• [What this task involves] Only text belongs in your copy of the listing below; reproduce it exactly and leave out the pictures.

• [Information shown]
━━━━━━━━━━━━━━━━━━━━━━━━━━━━━━

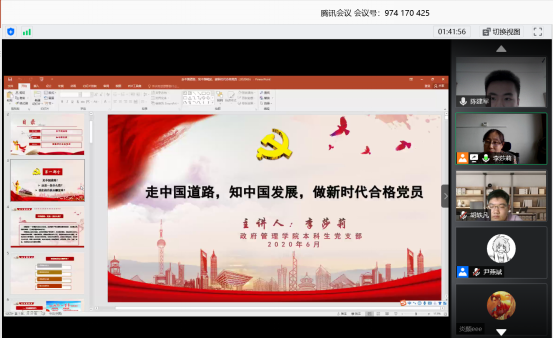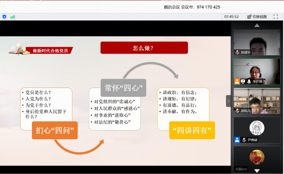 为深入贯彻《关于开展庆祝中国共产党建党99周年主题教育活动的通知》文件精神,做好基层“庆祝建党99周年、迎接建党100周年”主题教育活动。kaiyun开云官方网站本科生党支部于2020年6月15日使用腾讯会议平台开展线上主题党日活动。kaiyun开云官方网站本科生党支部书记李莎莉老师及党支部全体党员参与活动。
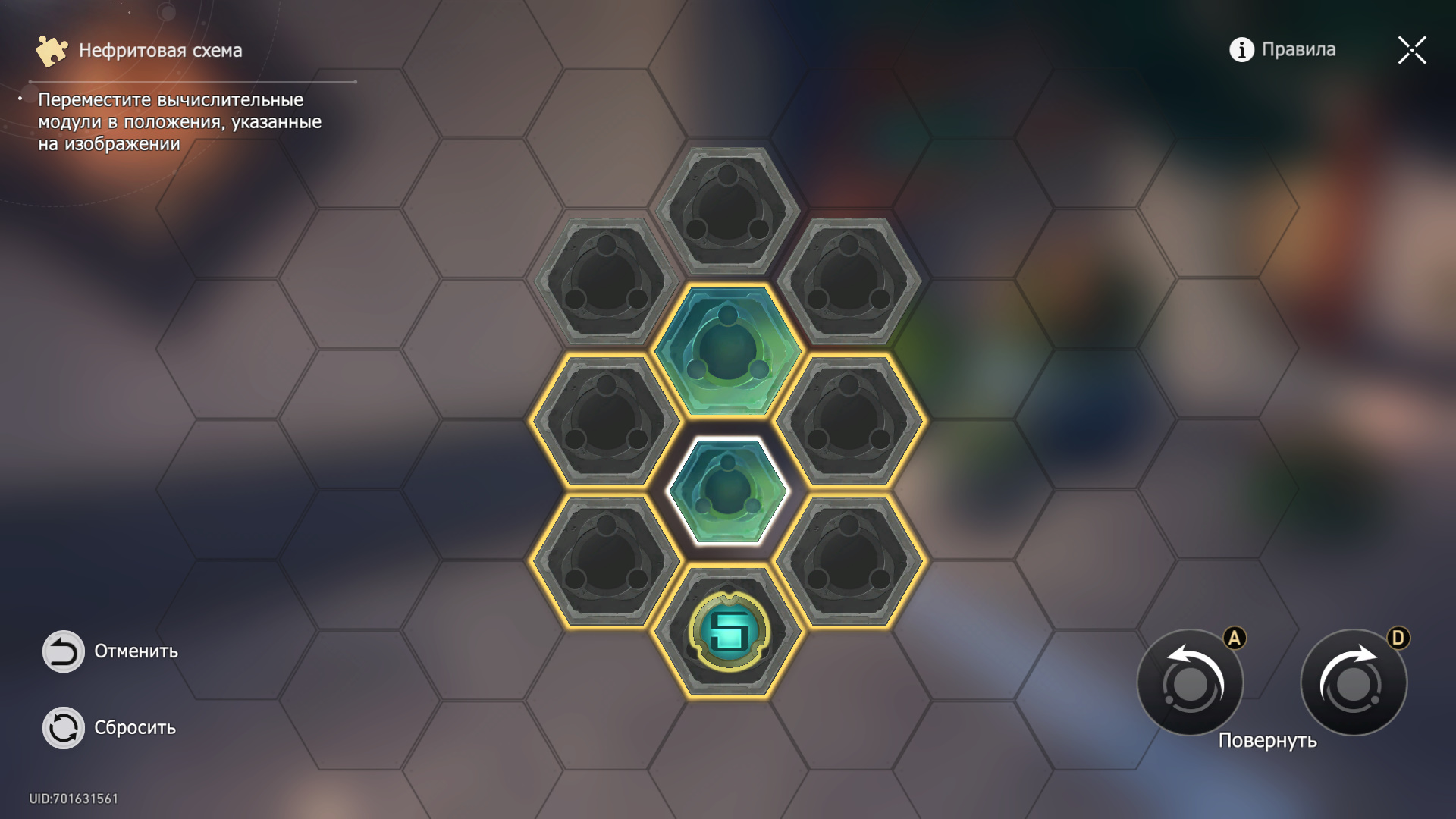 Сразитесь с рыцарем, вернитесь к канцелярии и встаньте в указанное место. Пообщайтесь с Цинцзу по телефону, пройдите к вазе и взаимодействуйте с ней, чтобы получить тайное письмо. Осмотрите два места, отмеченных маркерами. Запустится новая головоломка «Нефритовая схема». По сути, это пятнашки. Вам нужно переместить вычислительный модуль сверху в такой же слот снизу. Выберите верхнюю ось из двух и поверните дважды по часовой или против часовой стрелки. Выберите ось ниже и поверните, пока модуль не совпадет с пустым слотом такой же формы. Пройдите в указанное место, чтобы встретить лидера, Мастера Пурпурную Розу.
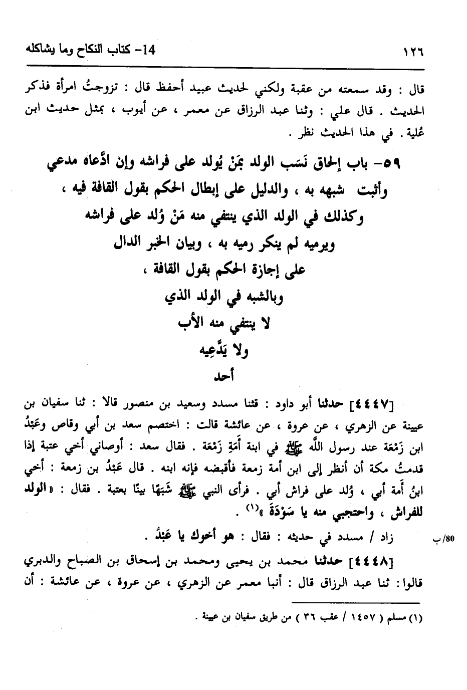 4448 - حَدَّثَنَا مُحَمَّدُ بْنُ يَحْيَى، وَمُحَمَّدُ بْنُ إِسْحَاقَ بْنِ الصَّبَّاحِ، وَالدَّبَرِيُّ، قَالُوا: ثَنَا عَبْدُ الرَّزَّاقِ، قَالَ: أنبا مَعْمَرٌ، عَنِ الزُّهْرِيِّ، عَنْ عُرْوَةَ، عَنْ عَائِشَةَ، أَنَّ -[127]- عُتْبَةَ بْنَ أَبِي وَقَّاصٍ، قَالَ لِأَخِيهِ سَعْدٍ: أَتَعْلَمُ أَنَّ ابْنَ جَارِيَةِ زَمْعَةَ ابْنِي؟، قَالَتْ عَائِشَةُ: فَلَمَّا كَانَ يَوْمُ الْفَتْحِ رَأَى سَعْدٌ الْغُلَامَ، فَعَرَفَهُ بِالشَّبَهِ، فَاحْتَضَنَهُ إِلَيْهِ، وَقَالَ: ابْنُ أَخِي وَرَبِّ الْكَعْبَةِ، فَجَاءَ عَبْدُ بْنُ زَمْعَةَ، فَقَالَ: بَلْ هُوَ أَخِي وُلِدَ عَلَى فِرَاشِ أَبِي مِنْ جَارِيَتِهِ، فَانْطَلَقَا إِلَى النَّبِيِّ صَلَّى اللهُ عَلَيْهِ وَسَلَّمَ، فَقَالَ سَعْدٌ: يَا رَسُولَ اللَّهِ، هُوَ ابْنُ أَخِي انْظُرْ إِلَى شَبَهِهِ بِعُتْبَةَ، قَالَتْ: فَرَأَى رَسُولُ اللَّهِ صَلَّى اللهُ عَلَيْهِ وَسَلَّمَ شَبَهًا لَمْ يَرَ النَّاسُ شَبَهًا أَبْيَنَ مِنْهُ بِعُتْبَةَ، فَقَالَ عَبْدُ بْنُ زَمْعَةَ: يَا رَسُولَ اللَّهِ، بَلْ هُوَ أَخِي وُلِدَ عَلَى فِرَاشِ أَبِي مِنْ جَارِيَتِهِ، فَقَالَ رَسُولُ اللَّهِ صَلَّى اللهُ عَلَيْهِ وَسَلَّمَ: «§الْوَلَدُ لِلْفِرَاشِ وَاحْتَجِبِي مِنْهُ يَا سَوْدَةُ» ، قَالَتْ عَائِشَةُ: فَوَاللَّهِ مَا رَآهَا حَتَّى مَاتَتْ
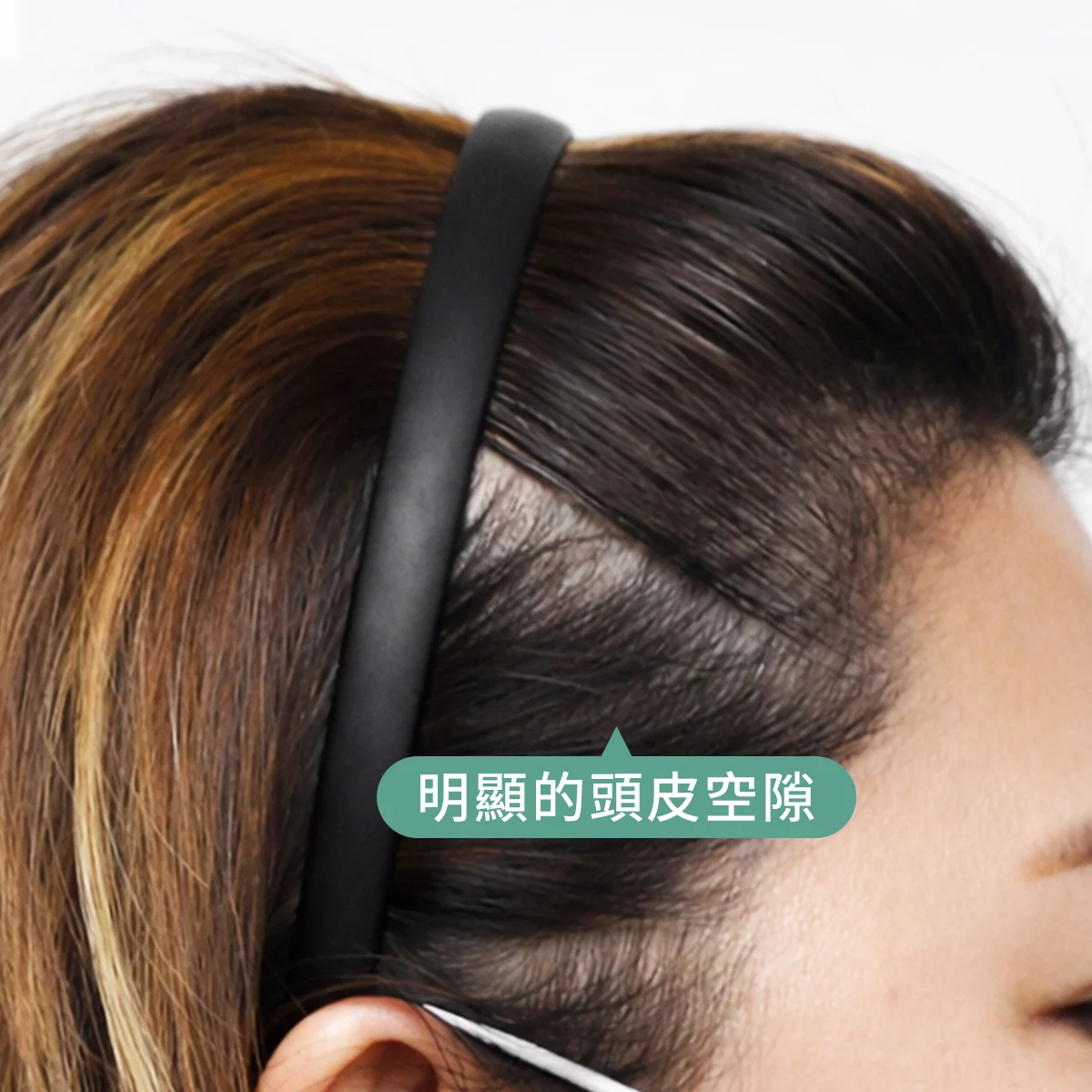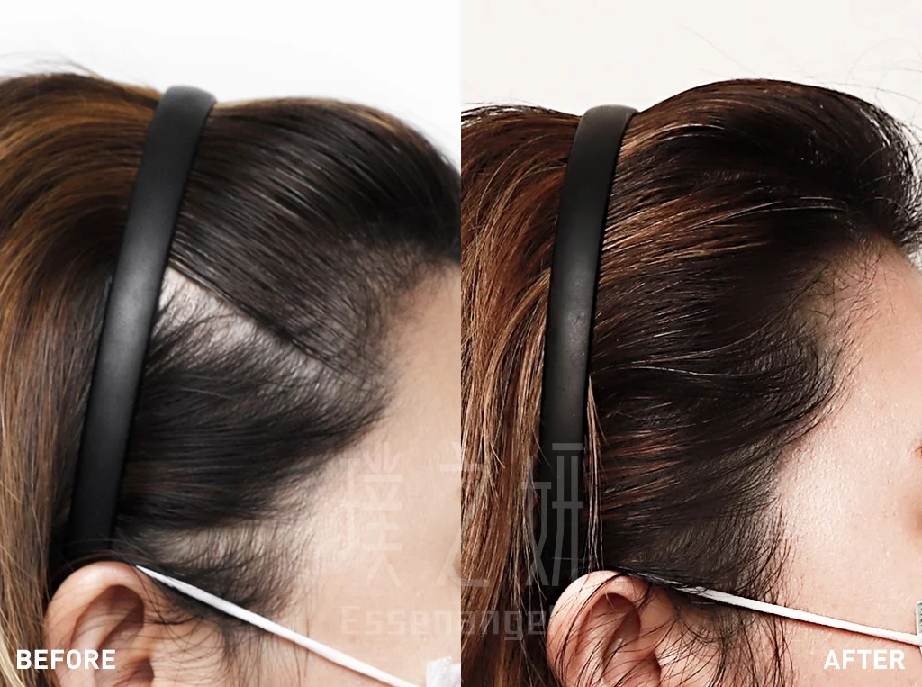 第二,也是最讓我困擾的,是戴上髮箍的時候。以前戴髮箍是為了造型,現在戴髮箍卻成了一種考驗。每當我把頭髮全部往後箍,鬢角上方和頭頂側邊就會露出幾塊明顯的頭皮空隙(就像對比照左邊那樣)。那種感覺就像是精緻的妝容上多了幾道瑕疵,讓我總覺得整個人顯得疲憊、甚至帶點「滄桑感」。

━━━━━━━━━━━━━━━━━━━━━━━━━━━━━━

• [Solution]
 为深入贯彻《关于开展庆祝中国共产党建党99周年主题教育活动的通知》文件精神,做好基层“庆祝建党99周年、迎接建党100周年”主题教育活动。kaiyun开云官方网站本科生党支部于2020年6月15日使用腾讯会议平台开展线上主题党日活动。kaiyun开云官方网站本科生党支部书记李莎莉老师及党支部全体党员参与活动。
 Сразитесь с рыцарем, вернитесь к канцелярии и встаньте в указанное место. Пообщайтесь с Цинцзу по телефону, пройдите к вазе и взаимодействуйте с ней, чтобы получить тайное письмо. Осмотрите два места, отмеченных маркерами. Запустится новая головоломка «Нефритовая схема». По сути, это пятнашки. Вам нужно переместить вычислительный модуль сверху в такой же слот снизу. Выберите верхнюю ось из двух и поверните дважды по часовой или против часовой стрелки. Выберите ось ниже и поверните, пока модуль не совпадет с пустым слотом такой же формы. Пройдите в указанное место, чтобы встретить лидера, Мастера Пурпурную Розу.
 4448 - حَدَّثَنَا مُحَمَّدُ بْنُ يَحْيَى، وَمُحَمَّدُ بْنُ إِسْحَاقَ بْنِ الصَّبَّاحِ، وَالدَّبَرِيُّ، قَالُوا: ثَنَا عَبْدُ الرَّزَّاقِ، قَالَ: أنبا مَعْمَرٌ، عَنِ الزُّهْرِيِّ، عَنْ عُرْوَةَ، عَنْ عَائِشَةَ، أَنَّ -[127]- عُتْبَةَ بْنَ أَبِي وَقَّاصٍ، قَالَ لِأَخِيهِ سَعْدٍ: أَتَعْلَمُ أَنَّ ابْنَ جَارِيَةِ زَمْعَةَ ابْنِي؟، قَالَتْ عَائِشَةُ: فَلَمَّا كَانَ يَوْمُ الْفَتْحِ رَأَى سَعْدٌ الْغُلَامَ، فَعَرَفَهُ بِالشَّبَهِ، فَاحْتَضَنَهُ إِلَيْهِ، وَقَالَ: ابْنُ أَخِي وَرَبِّ الْكَعْبَةِ، فَجَاءَ عَبْدُ بْنُ زَمْعَةَ، فَقَالَ: بَلْ هُوَ أَخِي وُلِدَ عَلَى فِرَاشِ أَبِي مِنْ جَارِيَتِهِ، فَانْطَلَقَا إِلَى النَّبِيِّ صَلَّى اللهُ عَلَيْهِ وَسَلَّمَ، فَقَالَ سَعْدٌ: يَا رَسُولَ اللَّهِ، هُوَ ابْنُ أَخِي انْظُرْ إِلَى شَبَهِهِ بِعُتْبَةَ، قَالَتْ: فَرَأَى رَسُولُ اللَّهِ صَلَّى اللهُ عَلَيْهِ وَسَلَّمَ شَبَهًا لَمْ يَرَ النَّاسُ شَبَهًا أَبْيَنَ مِنْهُ بِعُتْبَةَ، فَقَالَ عَبْدُ بْنُ زَمْعَةَ: يَا رَسُولَ اللَّهِ، بَلْ هُوَ أَخِي وُلِدَ عَلَى فِرَاشِ أَبِي مِنْ جَارِيَتِهِ، فَقَالَ رَسُولُ اللَّهِ صَلَّى اللهُ عَلَيْهِ وَسَلَّمَ: «§الْوَلَدُ لِلْفِرَاشِ وَاحْتَجِبِي مِنْهُ يَا سَوْدَةُ» ، قَالَتْ عَائِشَةُ: فَوَاللَّهِ مَا رَآهَا حَتَّى مَاتَتْ
 第二,也是最讓我困擾的,是戴上髮箍的時候。以前戴髮箍是為了造型,現在戴髮箍卻成了一種考驗。每當我把頭髮全部往後箍,鬢角上方和頭頂側邊就會露出幾塊明顯的頭皮空隙(就像對比照左邊那樣)。那種感覺就像是精緻的妝容上多了幾道瑕疵,讓我總覺得整個人顯得疲憊、甚至帶點「滄桑感」。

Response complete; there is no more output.